We are going to bleed and bleed and hemorrhage, unless this Congress at least protects one industry that is able to retrieve a surplus balance of trade and whose total future depends on its protection from the savagery and the ravages of this machine.

The year is 1982. The inimitable Jack Valenti, president of the MPAA, is before a House panel on "Home Recording of Copyrighted Works". What does he tell them? New technology threatens to destroy the movie industry. Congress must act now!

The machine? The videocassette recorder.

For the first time ever, Valenti's historic testimony, in which he called the VCR a "Boston strangler" (as well as an "avalanche" and a "tidal wave"), is on-line in its entirety. (Thanks to Cryptome for scanning and publishing it, and to hard-working paralegals, who know who they are, for tracking down the original.)

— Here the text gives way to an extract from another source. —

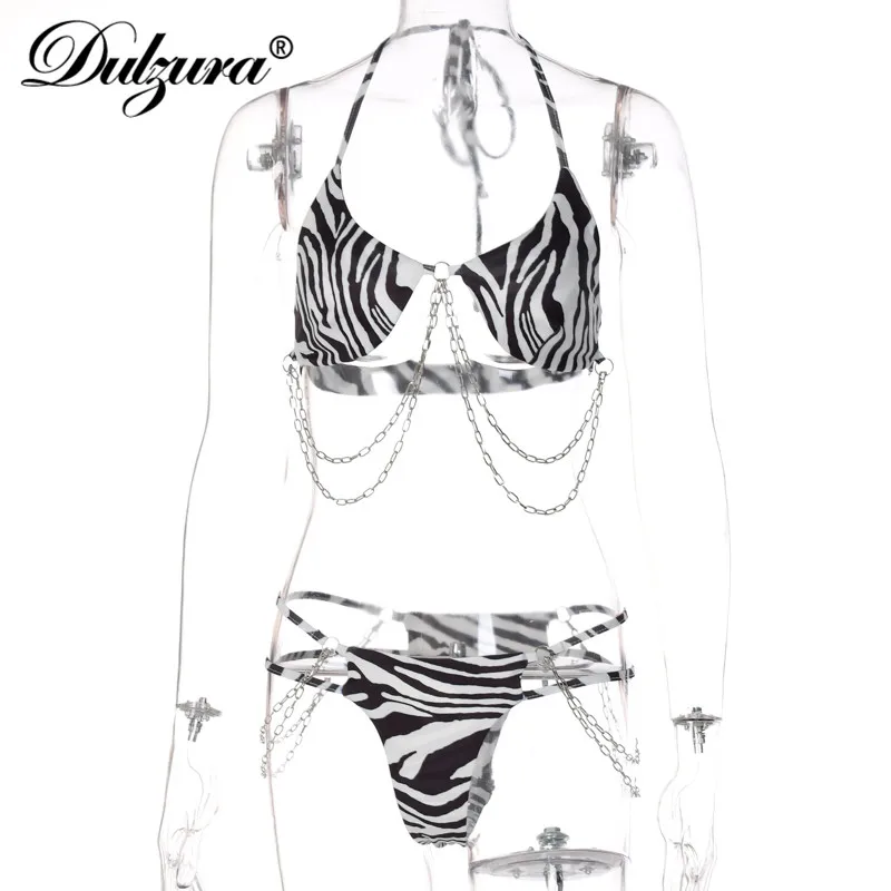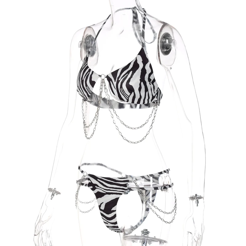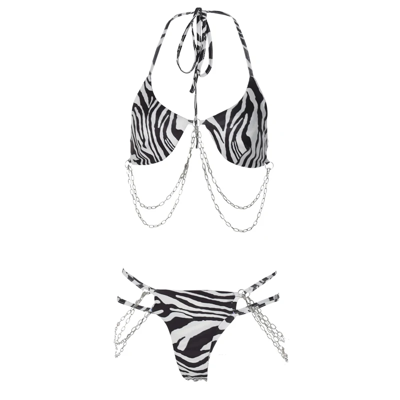 Женский купальный костюм из 2 предметов, с принтом зебры и лямкой на шее цепь бикини, комплекты со стрингами, для клуба, на осень и зиму, 2021

Reading the 1982 testimony side-by-side with recent Valenti testimony and interviews is an invaluable source of historical context. It's an essential supplement to the Betamax case; Valenti's remarks came in between the 9th Circuit decision in favor of the movie studios and the subsequent Supreme Court decision in favor of Sony.

Astute copyright history fans will also note that Bruce Lehman was present at this hearing. Lehman went on to do as much as anyone else to return to copyright holders the sort of control the Supreme Court denied them in the Betamax case. Today, he's President of the International Intellectual Property Institute.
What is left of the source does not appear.